TASK TO COMPLETE ::
Copy only what lies from the line containing "The Zoe Midi" through the line containing "Что это? Протез" in the entries below, keeping both end lines exact and dropping every picture.

Collected data:
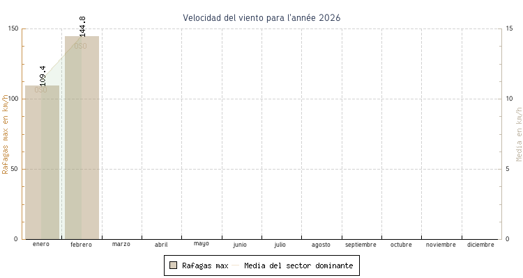 | enero | 0.8 C el 5 | 5.2 C | 17.1 C el 8 | 12.4 C | 8.7 C | 11.4 km/h | 109.4 km/h | OSO |
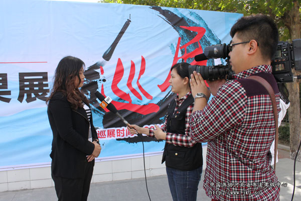 巡展仪式后,中国书协河北省书法考级中心主任曹晓林接受电视台记者采访
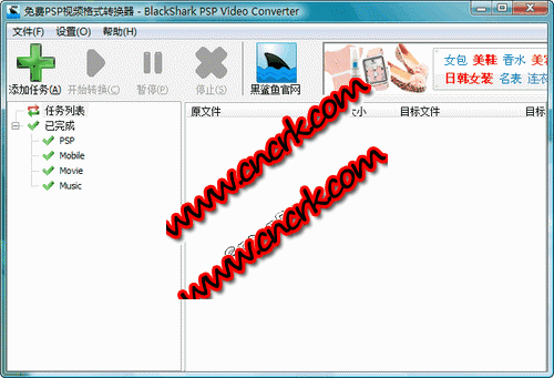 黑鯊魚(yú)PSP視頻格式轉(zhuǎn)換器 V2.2.0.2 簡(jiǎn)體中文綠色免費(fèi)版
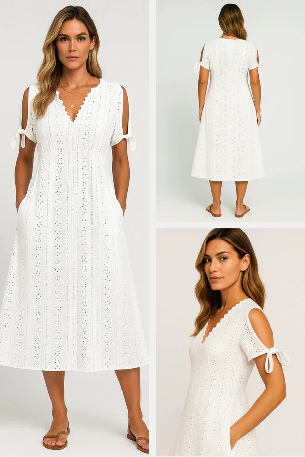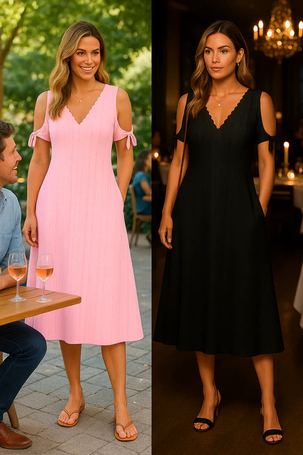 The Zoe Midi Dress pairs a lace-trim V neckline with a fluid cut that flatters every silhouette.
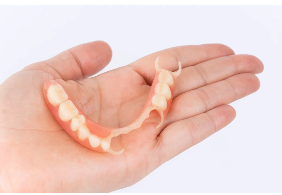 Что это? Протез из пластмассы или нейлона с искусственными зубами и кламмерами (крючками), которые цепляются за оставшиеся зубы.
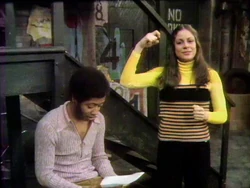 SCENE 10 | Tom explains to Linda how he used the train book to demonstrate beginning and end, and Linda shows him how to sign that it's now the "end of the day" and time to say "goodbye." Susan announces the sponsors. |
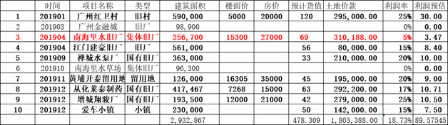 19年转化了十个项目,详见上表。公司纳入土储的八个项目的货值我自己估算大概接近五百亿左右。这些项目中像红卫村、水泵厂、开泰、莱泰、翔骏、爱车小镇这几个项目利润率应该都是非常好的。里水旧厂项目利润应该就不好,最多是微利。

RESPONSE TO THE TASK ::
 The Zoe Midi Dress pairs a lace-trim V neckline with a fluid cut that flatters every silhouette.
 Что это? Протез из пластмассы или нейлона с искусственными зубами и кламмерами (крючками), которые цепляются за оставшиеся зубы.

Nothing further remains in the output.